Your heart expends half a joule of energy every time it beats. That’s the same amount of juice you’d need to lift an apple 1.6 feet off the ground.
Before every contraction, the potential energy trapped in chemical bonds within cardiac muscle cells is released and converted into the mechanical power of the heartbeat. But, like all energy, that which is harnessed to power the heart is never destroyed; it just changes form as it radiates away from the organ as heat and vibrations of surrounding tissue and fluid.
Now, a science team has announced a breakthrough in harvesting the energy released from the movement of the beating heart, the breathing lung and the flexing diaphragm.
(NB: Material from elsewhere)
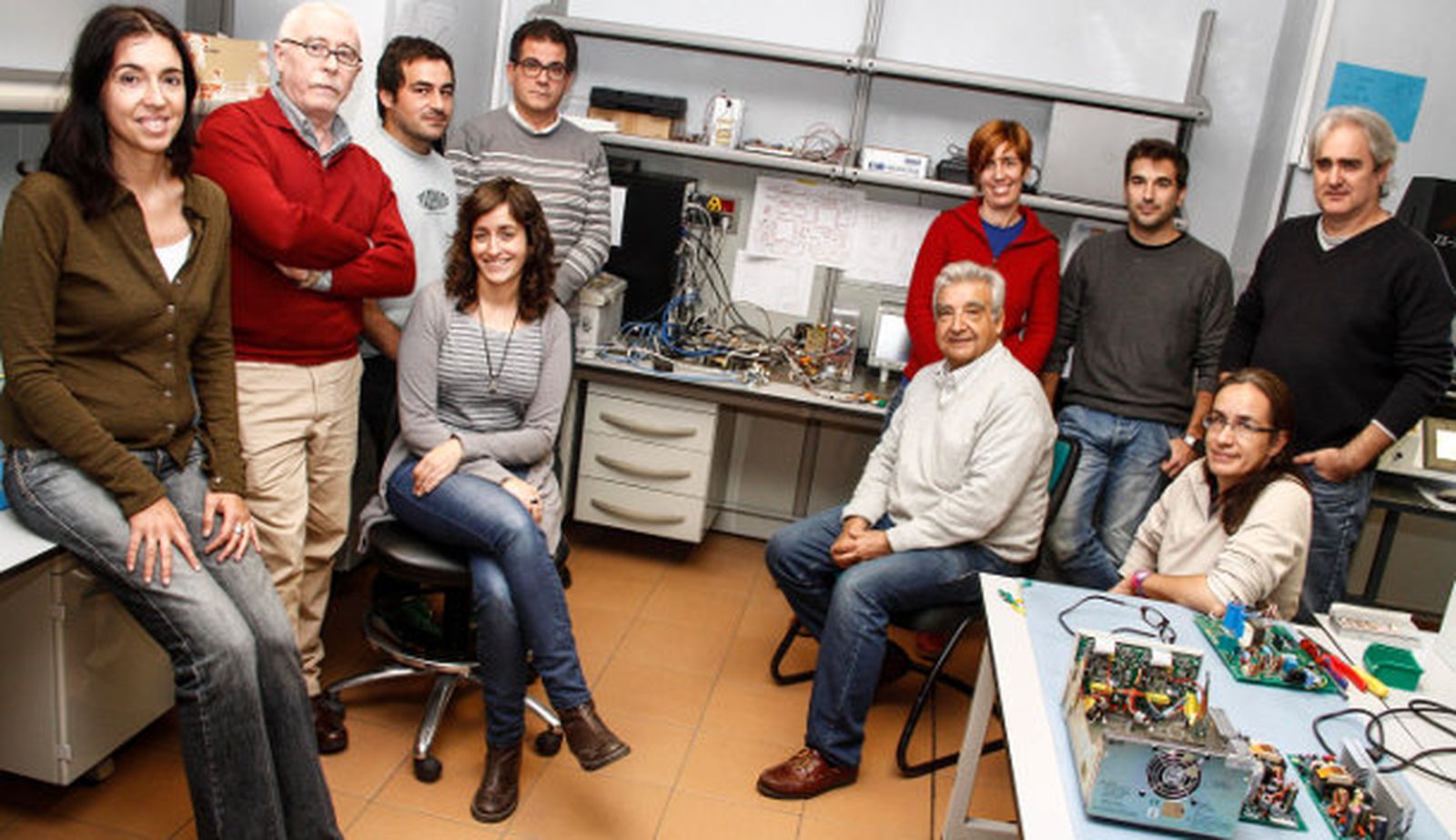 El equipo que lidera José Juan López-Moreno (sentado) en el Instituto de Astrofísica de Andalucía, junto a un modelo de electrónica que han desarrollado para simular el Nomad a bordo del 'rover' Exomars. / ALEX CÁMARA

They’ve developed a superthin device that can be attached to an organ to generate electricity from its movements.
The tiny device is already within the range of generating enough electricity to power a pacemaker on its own, says John Rogers, a coauthor of the study that was published on Jan. 20 in the Proceedings of the National Academy of Sciences.
“The thing about cardiac pacemakers is that they are currently battery-operated and have a limited lifespan,” says Rogers, a University of Illinois at Urbana-Champaign materials science and engineering professor. “When the battery runs out, you need to have surgery to replace it. Power is always a challenge.”
The innovation is a flexible piezoelectric layer sandwiched between biocompatible plastic. Rogers says the whole system is about as stiff as the plastic used to make food wrappers.
When the piezoelectric material flexes due to contraction and relaxation of the organ to which it is affixed, it generates electrical energy from the movement. Because organ movements occur as pulses, the team had to include energy storage in their creation so that electricity could be delivered continually. They accomplished this by building in a tiny chip-scale, commercially available battery into the device.
The team found through testing that their system could deliver 0.2 microwatts per square centimeter of stable electricity over 20 million cycles. Voltage and current outputs, they write, were three to five orders of magnitude higher than previous experiments. These results, the team concluded, demonstrate that their system could power implants like pacemakers with or without batteries.
“Our ultimate goal is to replace the battery of an implant altogether,” Rogers tells Txchnologist, “but even extending the life of the implant’s own battery is useful.”
They grew rat smooth muscle cells on their prototypes to determine that the materials were not toxic. They then affixed it to beating sheep and cow hearts to see if it would operate as they had hoped and determine the best positions to place it.
Their system converts mechanical to electrical energy at about two percent efficiency, a number that Rogers says is based on the need not to interfere with the target organ’s natural operation.
The authors see huge potentials in their device, both inside and outside the human body.
“Cardiac and lung motions, in particular, serve as inexhaustible sources of energy during the lifespan of a patient,” they write. “In addition to uses on internal organs, the same types of systems can be implemented in skin-mounted configurations for health/wellness monitors or nonbiomedical devices. The potential to eliminate batteries or, at least, the need to replace them frequently represents a source of motivation for continued work in these and related directions.”